• Data to process:
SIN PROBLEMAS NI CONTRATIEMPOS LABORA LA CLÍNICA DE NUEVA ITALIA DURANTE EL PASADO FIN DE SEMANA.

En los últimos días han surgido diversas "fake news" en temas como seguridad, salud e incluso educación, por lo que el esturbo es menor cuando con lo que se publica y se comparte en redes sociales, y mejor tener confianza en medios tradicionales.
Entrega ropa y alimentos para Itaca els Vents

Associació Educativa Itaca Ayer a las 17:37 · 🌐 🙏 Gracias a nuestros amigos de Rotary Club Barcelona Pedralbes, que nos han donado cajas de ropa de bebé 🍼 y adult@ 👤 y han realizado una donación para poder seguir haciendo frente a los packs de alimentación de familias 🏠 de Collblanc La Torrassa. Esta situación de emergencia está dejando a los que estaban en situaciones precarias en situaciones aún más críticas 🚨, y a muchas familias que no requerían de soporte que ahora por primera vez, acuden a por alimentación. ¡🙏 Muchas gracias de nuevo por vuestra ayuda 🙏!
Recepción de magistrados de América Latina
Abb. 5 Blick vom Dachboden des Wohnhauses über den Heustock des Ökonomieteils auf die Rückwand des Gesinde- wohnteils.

---

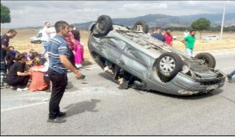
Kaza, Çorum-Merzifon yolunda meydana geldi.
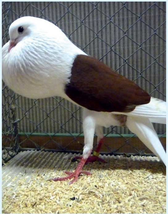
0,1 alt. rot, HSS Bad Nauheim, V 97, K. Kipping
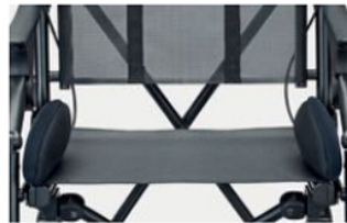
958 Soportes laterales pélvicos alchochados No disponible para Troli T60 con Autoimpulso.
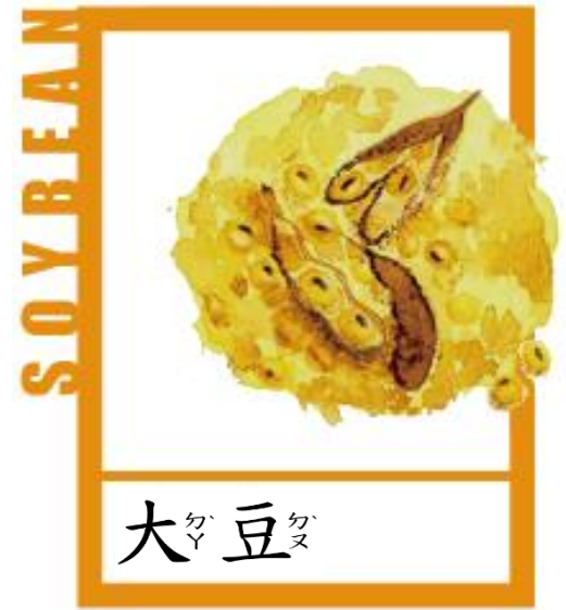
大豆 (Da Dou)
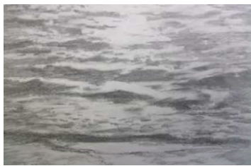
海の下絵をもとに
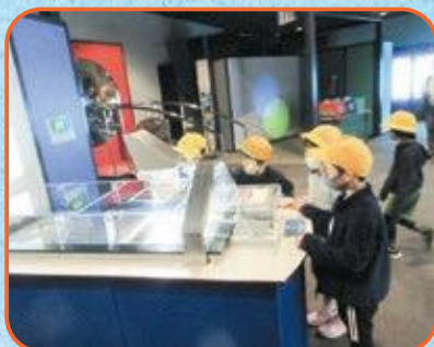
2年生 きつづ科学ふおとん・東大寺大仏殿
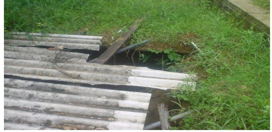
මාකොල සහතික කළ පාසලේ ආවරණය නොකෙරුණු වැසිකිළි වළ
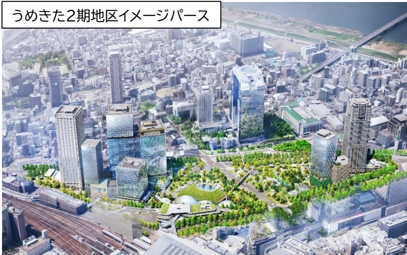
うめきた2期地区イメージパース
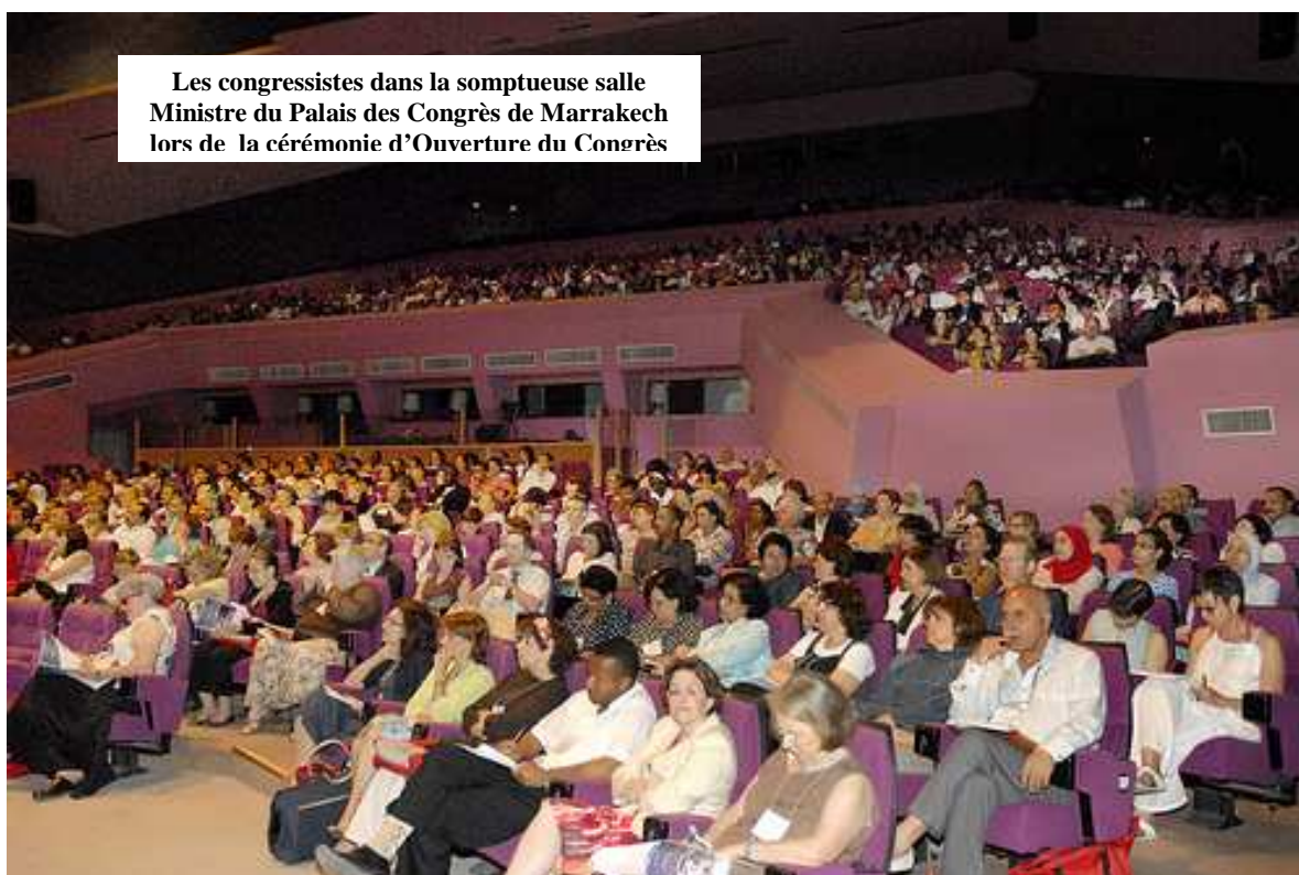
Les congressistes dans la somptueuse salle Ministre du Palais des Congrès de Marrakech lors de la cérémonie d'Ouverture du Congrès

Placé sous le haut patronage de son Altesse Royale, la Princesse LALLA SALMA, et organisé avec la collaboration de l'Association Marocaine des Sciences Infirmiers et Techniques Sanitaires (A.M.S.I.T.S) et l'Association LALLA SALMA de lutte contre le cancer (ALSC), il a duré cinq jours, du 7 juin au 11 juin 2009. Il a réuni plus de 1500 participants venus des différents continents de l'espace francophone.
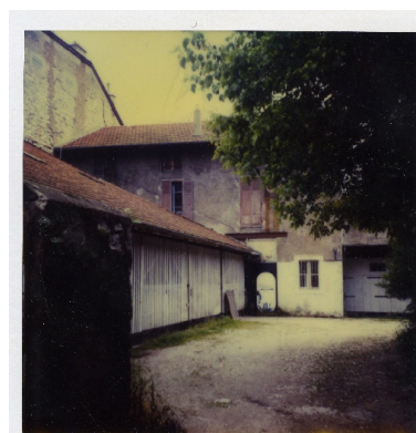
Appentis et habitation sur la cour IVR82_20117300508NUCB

--

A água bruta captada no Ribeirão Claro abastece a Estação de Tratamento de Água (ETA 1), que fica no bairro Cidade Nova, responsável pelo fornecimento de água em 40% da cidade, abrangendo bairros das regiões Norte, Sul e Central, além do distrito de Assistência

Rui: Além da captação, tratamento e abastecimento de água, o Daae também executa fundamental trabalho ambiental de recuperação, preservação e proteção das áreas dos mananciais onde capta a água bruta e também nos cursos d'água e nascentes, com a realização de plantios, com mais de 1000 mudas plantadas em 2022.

• Task to complete: Your task is to gather all lines from the entries above that hold the word "bruta".

• Result of this exercise:
A água bruta captada no Ribeirão Claro abastece a Estação de Tratamento de Água (ETA 1), que fica no bairro Cidade Nova, responsável pelo fornecimento de água em 40% da cidade, abrangendo bairros das regiões Norte, Sul e Central, além do distrito de Assistência
Rui: Além da captação, tratamento e abastecimento de água, o Daae também executa fundamental trabalho ambiental de recuperação, preservação e proteção das áreas dos mananciais onde capta a água bruta e também nos cursos d'água e nascentes, com a realização de plantios, com mais de 1000 mudas plantadas em 2022.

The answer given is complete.